» Task data
• • • •
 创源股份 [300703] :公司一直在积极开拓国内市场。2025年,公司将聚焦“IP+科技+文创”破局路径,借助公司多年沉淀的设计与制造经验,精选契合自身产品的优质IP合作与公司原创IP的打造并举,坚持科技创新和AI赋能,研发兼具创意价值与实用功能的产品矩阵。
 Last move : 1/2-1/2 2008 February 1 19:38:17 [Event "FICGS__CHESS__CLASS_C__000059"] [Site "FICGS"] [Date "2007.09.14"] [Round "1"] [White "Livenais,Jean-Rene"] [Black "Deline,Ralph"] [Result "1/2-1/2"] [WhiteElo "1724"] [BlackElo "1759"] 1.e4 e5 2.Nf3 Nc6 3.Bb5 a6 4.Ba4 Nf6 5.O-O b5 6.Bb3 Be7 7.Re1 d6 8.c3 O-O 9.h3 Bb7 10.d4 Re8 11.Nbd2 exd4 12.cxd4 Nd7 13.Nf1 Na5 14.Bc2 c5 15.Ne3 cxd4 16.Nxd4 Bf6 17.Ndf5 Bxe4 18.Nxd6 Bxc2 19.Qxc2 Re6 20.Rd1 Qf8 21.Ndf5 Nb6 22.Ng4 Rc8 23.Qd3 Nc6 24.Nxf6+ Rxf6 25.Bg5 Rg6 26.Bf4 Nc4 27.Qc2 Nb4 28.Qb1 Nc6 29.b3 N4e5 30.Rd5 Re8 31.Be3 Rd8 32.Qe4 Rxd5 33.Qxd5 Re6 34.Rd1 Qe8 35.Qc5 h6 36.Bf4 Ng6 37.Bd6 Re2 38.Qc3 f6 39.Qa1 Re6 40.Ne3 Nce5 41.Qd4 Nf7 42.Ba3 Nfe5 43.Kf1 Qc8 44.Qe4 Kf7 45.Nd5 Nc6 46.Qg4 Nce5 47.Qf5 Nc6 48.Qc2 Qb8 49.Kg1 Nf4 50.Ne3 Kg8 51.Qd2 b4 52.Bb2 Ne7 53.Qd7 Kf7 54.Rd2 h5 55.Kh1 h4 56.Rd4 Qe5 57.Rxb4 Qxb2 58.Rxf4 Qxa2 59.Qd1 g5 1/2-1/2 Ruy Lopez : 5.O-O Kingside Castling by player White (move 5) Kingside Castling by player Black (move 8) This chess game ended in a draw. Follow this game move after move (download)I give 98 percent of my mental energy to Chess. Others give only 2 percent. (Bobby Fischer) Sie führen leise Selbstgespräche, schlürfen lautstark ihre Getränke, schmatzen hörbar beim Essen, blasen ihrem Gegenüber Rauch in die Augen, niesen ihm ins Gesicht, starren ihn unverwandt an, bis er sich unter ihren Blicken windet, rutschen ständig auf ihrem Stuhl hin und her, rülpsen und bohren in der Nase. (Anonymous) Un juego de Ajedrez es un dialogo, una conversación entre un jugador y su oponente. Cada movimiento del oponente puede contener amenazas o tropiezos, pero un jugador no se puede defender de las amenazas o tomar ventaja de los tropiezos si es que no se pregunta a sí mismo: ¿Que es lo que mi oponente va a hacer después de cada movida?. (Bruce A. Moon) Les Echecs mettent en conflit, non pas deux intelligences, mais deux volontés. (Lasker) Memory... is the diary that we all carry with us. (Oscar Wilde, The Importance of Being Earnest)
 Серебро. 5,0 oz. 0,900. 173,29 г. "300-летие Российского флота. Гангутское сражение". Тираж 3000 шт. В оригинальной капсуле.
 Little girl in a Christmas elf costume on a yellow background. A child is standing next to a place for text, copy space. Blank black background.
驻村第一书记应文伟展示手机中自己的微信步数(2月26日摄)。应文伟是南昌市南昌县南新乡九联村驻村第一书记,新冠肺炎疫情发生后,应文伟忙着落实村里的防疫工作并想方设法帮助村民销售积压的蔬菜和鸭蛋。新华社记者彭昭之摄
• • • •
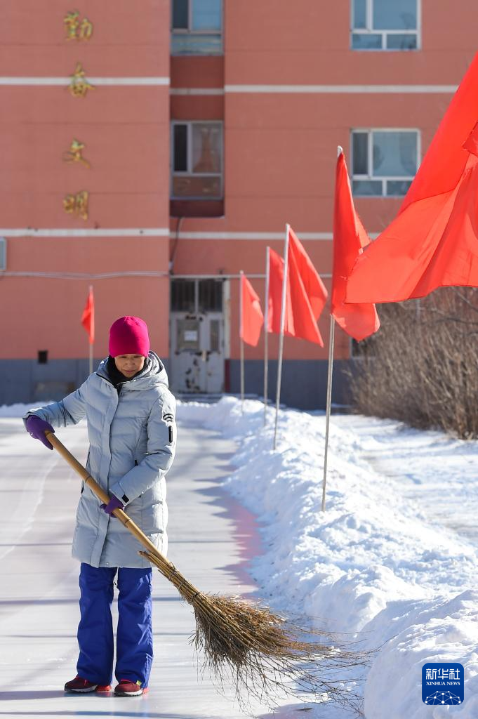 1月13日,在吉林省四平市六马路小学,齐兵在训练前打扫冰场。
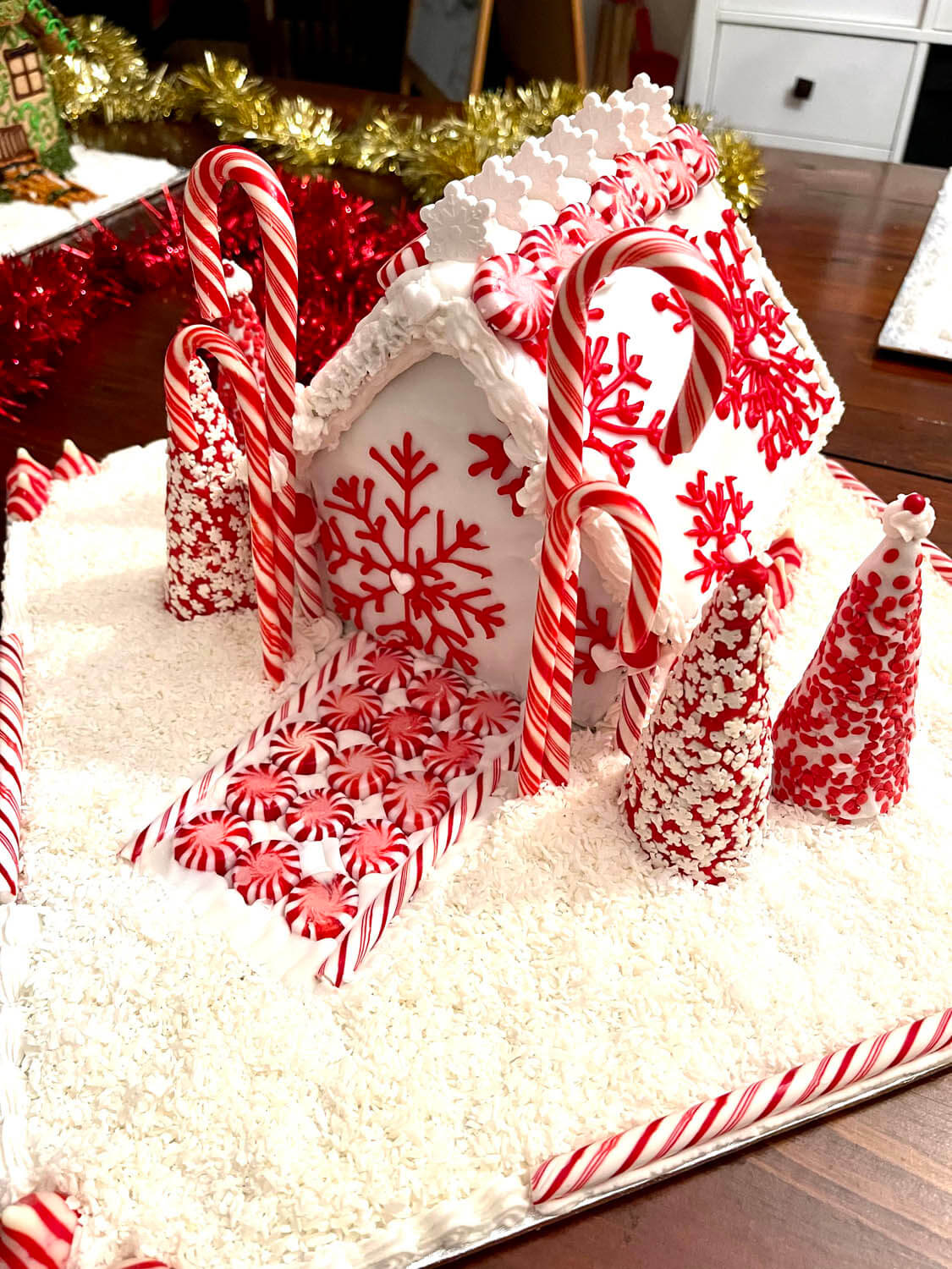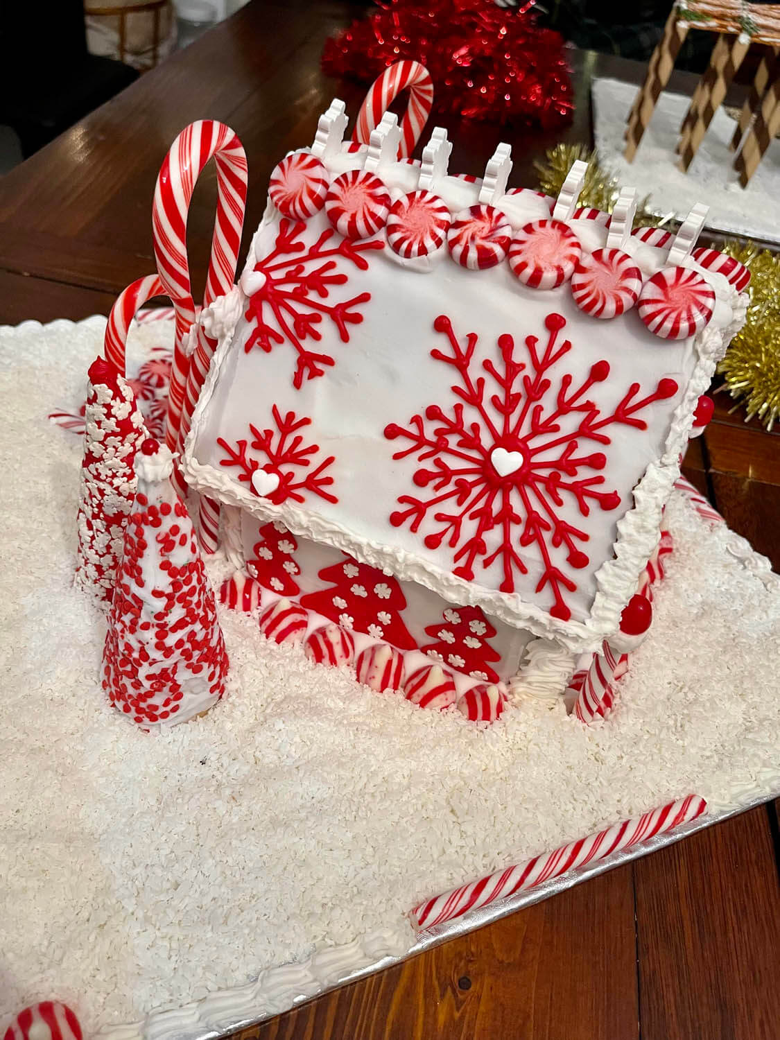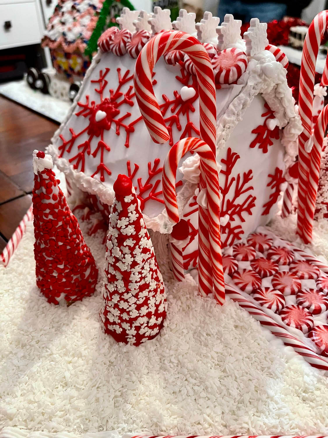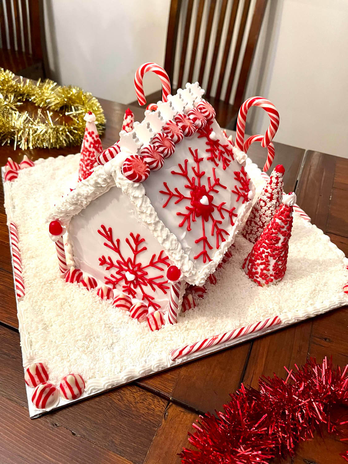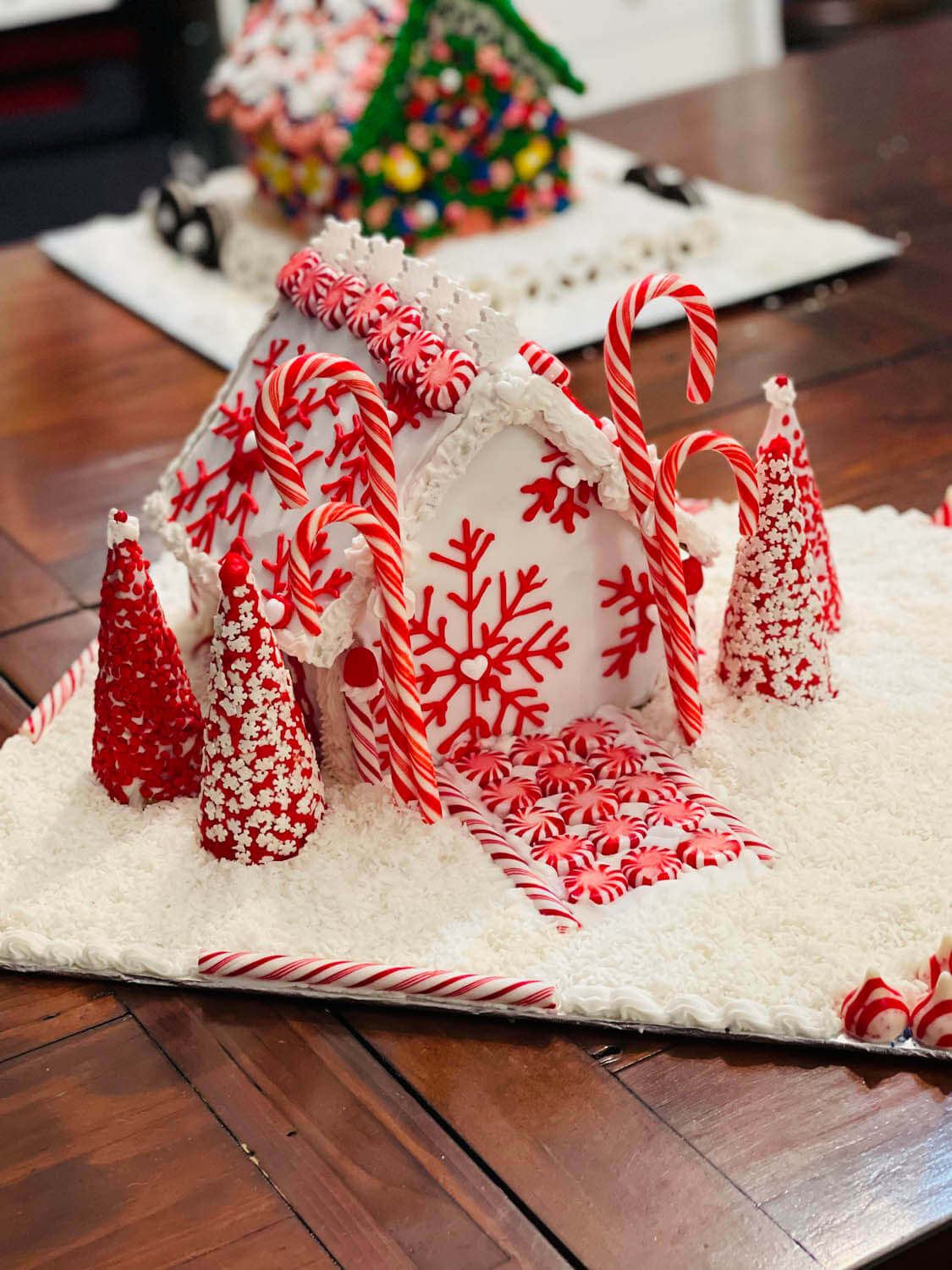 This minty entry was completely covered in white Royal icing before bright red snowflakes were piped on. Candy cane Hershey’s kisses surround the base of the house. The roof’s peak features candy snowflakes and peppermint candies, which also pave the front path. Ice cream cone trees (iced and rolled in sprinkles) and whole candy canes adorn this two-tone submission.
• • • •
» About this task
Look through the material above. Transcribe exactly the lines between the ones with "1月13日,在吉林省四平市六马路小学,齐兵在训练前打扫冰场。" and "This minty entry", inclusive, and keep pictures out.

» Answer to the problem
 1月13日,在吉林省四平市六马路小学,齐兵在训练前打扫冰场。
 This minty entry was completely covered in white Royal icing before bright red snowflakes were piped on. Candy cane Hershey’s kisses surround the base of the house. The roof’s peak features candy snowflakes and peppermint candies, which also pave the front path. Ice cream cone trees (iced and rolled in sprinkles) and whole candy canes adorn this two-tone submission.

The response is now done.